5) Dirty Pretty Things - Bang Bang You're Dead
Des Libertines, il ne reste plus rien. A la place ont jailli les Babyshambles, de l’instable Pete Doherty, icône rock au talent négligeable, mais à la valeur mercantile qui l’intronise en tant que nouveau Sid Vicious et les Dirty Pretty Things du méconnu Carl Barat. Tandis que le premier cité s’enfonce dans une mélancolie mélodieuse très folk, le second a insufflé le côté punk des Libertines, avec un rock brut, guitares cinglantes, rythme syncopé, voix braillé, qui fait sauter dans tous les coins, comme un fou. Alors, faut-il choisir entre les Babyshambles et les Dirty Pretty Things ? Mouais, si on restait sur les Libertines.

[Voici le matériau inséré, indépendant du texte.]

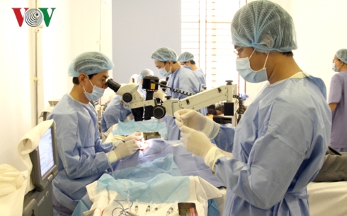 เวลา 8.00 น. แพทย์ได้เริ่มทำการผ่าตัดตาในห้องผ่าตัด 2 ห้อง ส่วนห้องพักฟื้นก็พร้อมรับผู้ป่วยหลังผ่าตัด ซึ่งแพทย์ทุกคนต้องเตรียมพร้อมตั้งแต่ช่วงเช้าตรู่ การผ่าตัดใช้เวลา 5-7 นาที ผู้ป่วยซึ่งใส่ชุดของโรงพยาบาลจะนั่งรออยู่ข้างนอก ส่วนบรรยากาศภายในห้องผ่าตัดก็ดำเนินไปอย่างรวดเร็ว บางทีก็ได้ยินแพทย์เวียดนามถามผู้ป่วยผ่านล่าม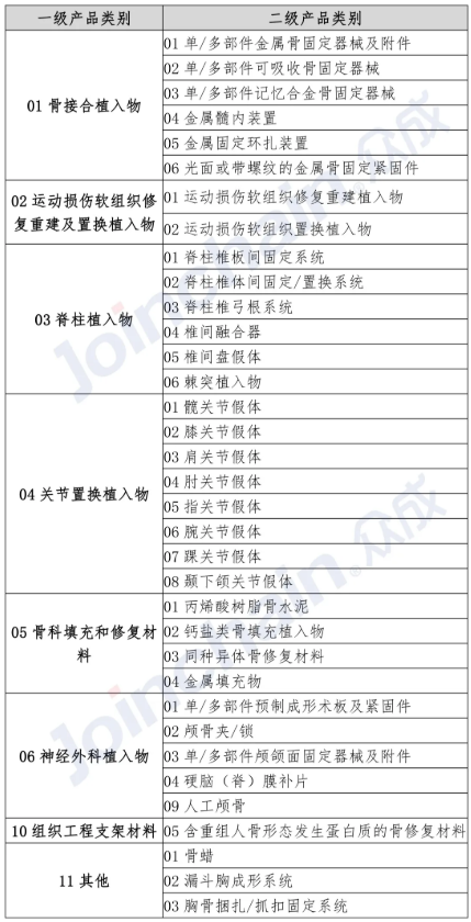 按照產品的功能和臨床使用分類,一級類別產品主要有骨接合植入物、運動損傷軟組織修復重建及置換植入物、脊柱植入物、關節(jié)置換植入物、骨科填充與修復材料以及少部分神經外科植入物、組織工程支架材料與其他特殊應用材料。
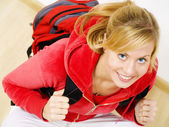 uśmiechający się blond kobieta kontakt telefoniczny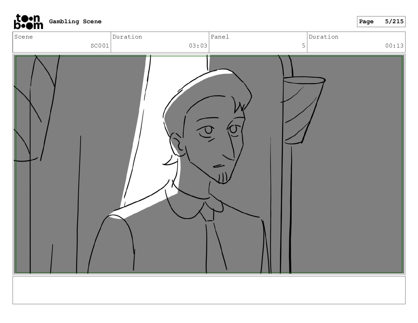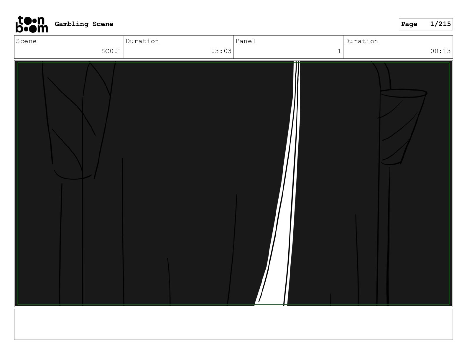 Scene SC001_A Duration 03:23 Panel 1 Duration 00:13 Gambling Scene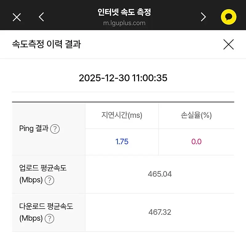 1️⃣ 인터넷 속도 측정 결과 화면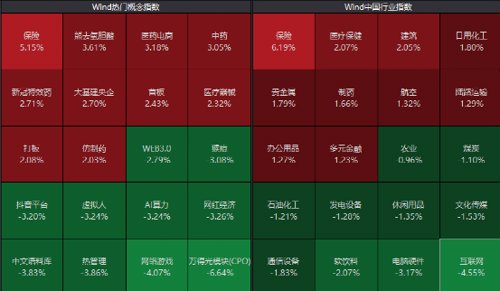 板块方面,保险板块表现强势,医药股全线走强,医药电商、中药、眼科医疗等板块涨幅居前,中字头、大基建表现活跃;另外,网络游戏、AI算力、人工智能等板块跌幅居前。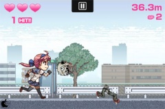 ゲームは、画面の左半分がジャンプ、画面の右半分がアタックに割振られていて、ゾンビを倒しながらひたすら走り続けます。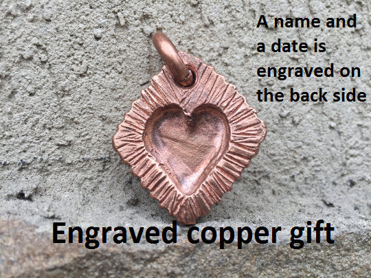 It is done from 100% copper. Hand made. Quite heavy for its size! Due to the thickness of this item (0.12") the heart is carved in the centre of the item.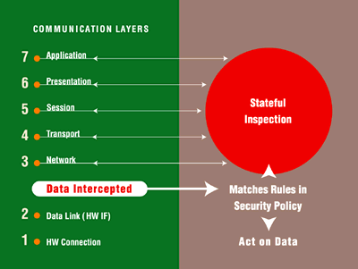 Stateful Inspection architecture intercepts, analyzes,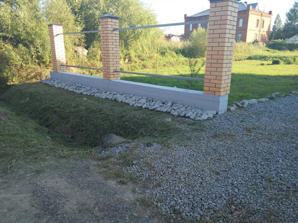 ибо толку ростверк такой широкий заливать для столбов и профлиста — на таких фундаментах дома строят!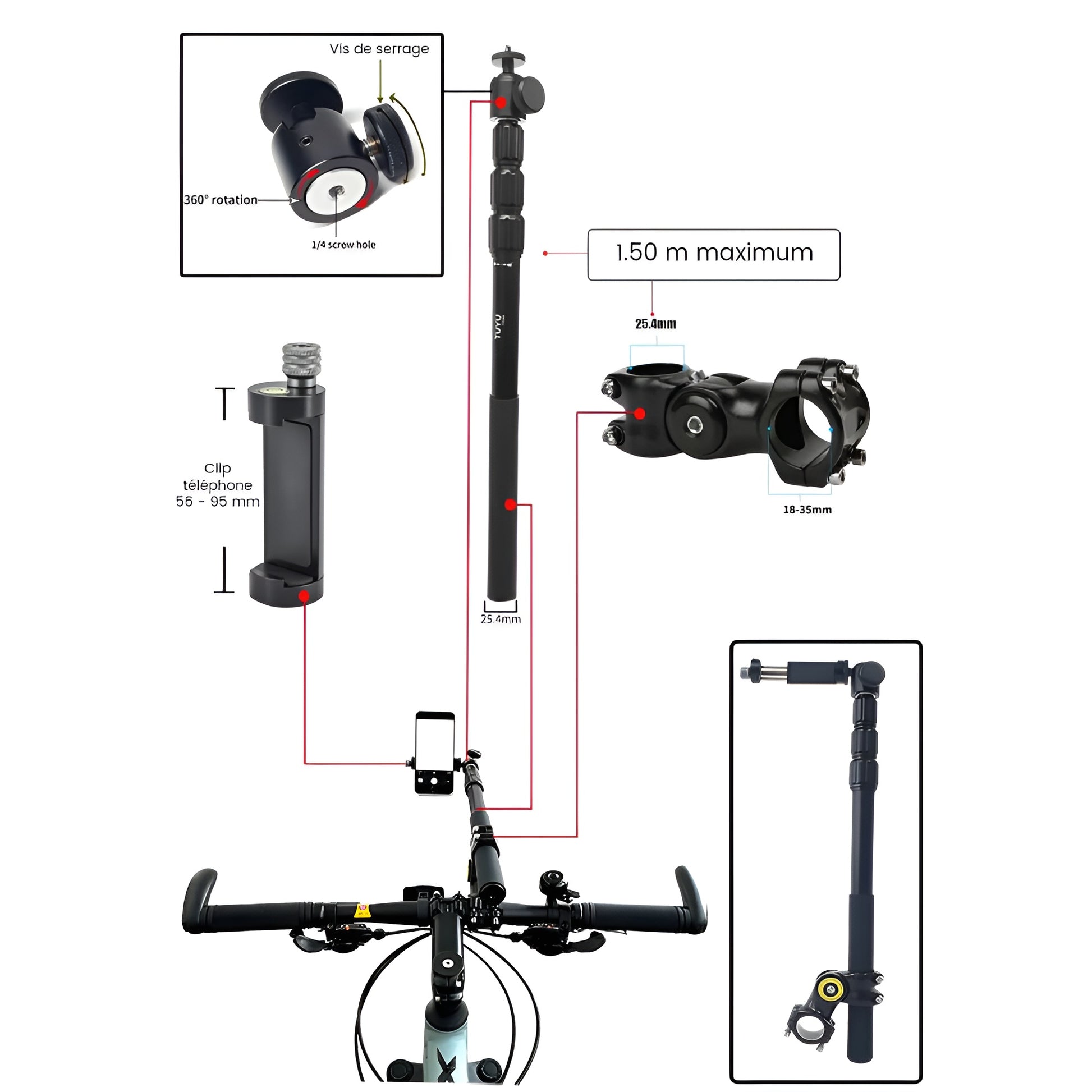 - S'adapte à tous les guidons (vis allongées + caoutchouc fournis)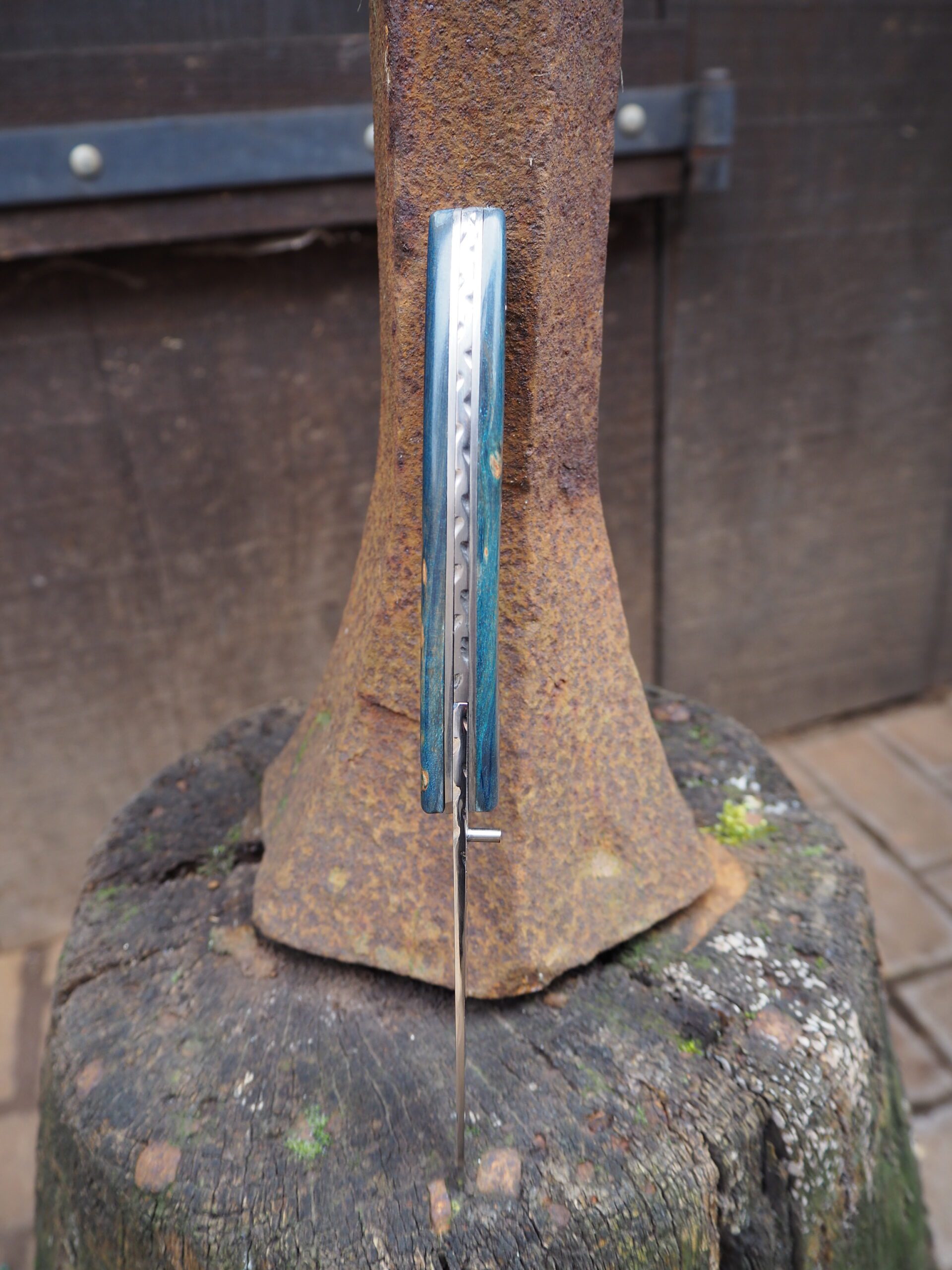 Le manche en frêne teinté et stabilisé allie esthétique et résistance. Ses nuances profondes et sa structure renforcée assurent une excellente durabilité tout en offrant une prise en main confortable et équilibrée. Chaque couteau présente ainsi une identité visuelle unique, sublimée par le travail du bois.

6) Grandaddy - Elevate myself
Généralement considéré comme l’équivalent US de Radiohead (à tord à mon avis), les Barbus de Sacramento (CA), bucherons sympathiques, skateboarders émérites, sont de très bons muiscos, alliant finesse mélodique touchante. Sur Elevate Myself, la basse simplifie le rythme et soutient une voix douce avec charme sur des aigues pianotés ou guitarés torturés et tortueux. S’il est possible de ne pas aimer, il faut au moins écouter.

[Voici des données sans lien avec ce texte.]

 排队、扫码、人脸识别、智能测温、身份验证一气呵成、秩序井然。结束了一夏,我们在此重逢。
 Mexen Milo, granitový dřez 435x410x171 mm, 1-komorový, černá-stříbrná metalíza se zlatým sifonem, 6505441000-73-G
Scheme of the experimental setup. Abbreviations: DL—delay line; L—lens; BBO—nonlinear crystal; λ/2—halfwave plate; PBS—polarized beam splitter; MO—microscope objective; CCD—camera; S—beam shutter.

7) Grizzly Bears - La Duchess Anne
Double album dont un cd de remix (non écouté pour l’instant) par des artistes qui me sont inconnus. Que dire ? Cette musique est dangereuse, dans la mesure où elle est très lente, très lymphatique, voire démoralisante. A la première écoute, guilleret que j’étais, je me suis finalement trouvé anéanti, miné, et au bout de deux chansons, j’ai tout arrêté. Cependant, au cours d’une soirée, d’un dîner aux chandelles, champagne, fraise, alors les tonalités deviennent dangereusement érotiques.
8) Curtis Mayfield
Je découvre des monstres toujours après tout le monde. Mais là ça jaillit dans tous les sens, funk, soul et RnB. C’est merveilleux, glisse dans le sang, remue les globules et fait taper les pieds dans tous les sens. Un talent immense pour les oreilles.
9) Ayo - Down on my knees
Petite perle venant du village natale de l'écervelé Michael Schumacher, véritable métissage musicale, la très jolie Ayo, jeune chanteuse mi-allemande (héroinomane selon le JDD), mi-nigérianne (du côté du père, musicien DJ, selon le JDD),à la voix soul mêle tout le long d’un formidable album soft et admirable de mignonnes mélodies. Ce n’est sans doute pas un grand album, mais cela reste très délicieux, cru également. Un petit vin en somme.
10) Calexico - Letter to Bowie Knife
Etat perdu des Etats-Unis, totalement méconnu, coincé entre l’Arizona et le Texas, le Nouveau-Mexique possède en Calexico un groupe superbe au rock poussiéreux, aux senteurs de cactus, de tequila et mezcal, d’une richesse sonore châleureuse, avec des accents hispaniques, français et country. Si certains morceaux sont très mélancoliques, Letter donner envie pendant 3 minutes de sauter dans tous les sens.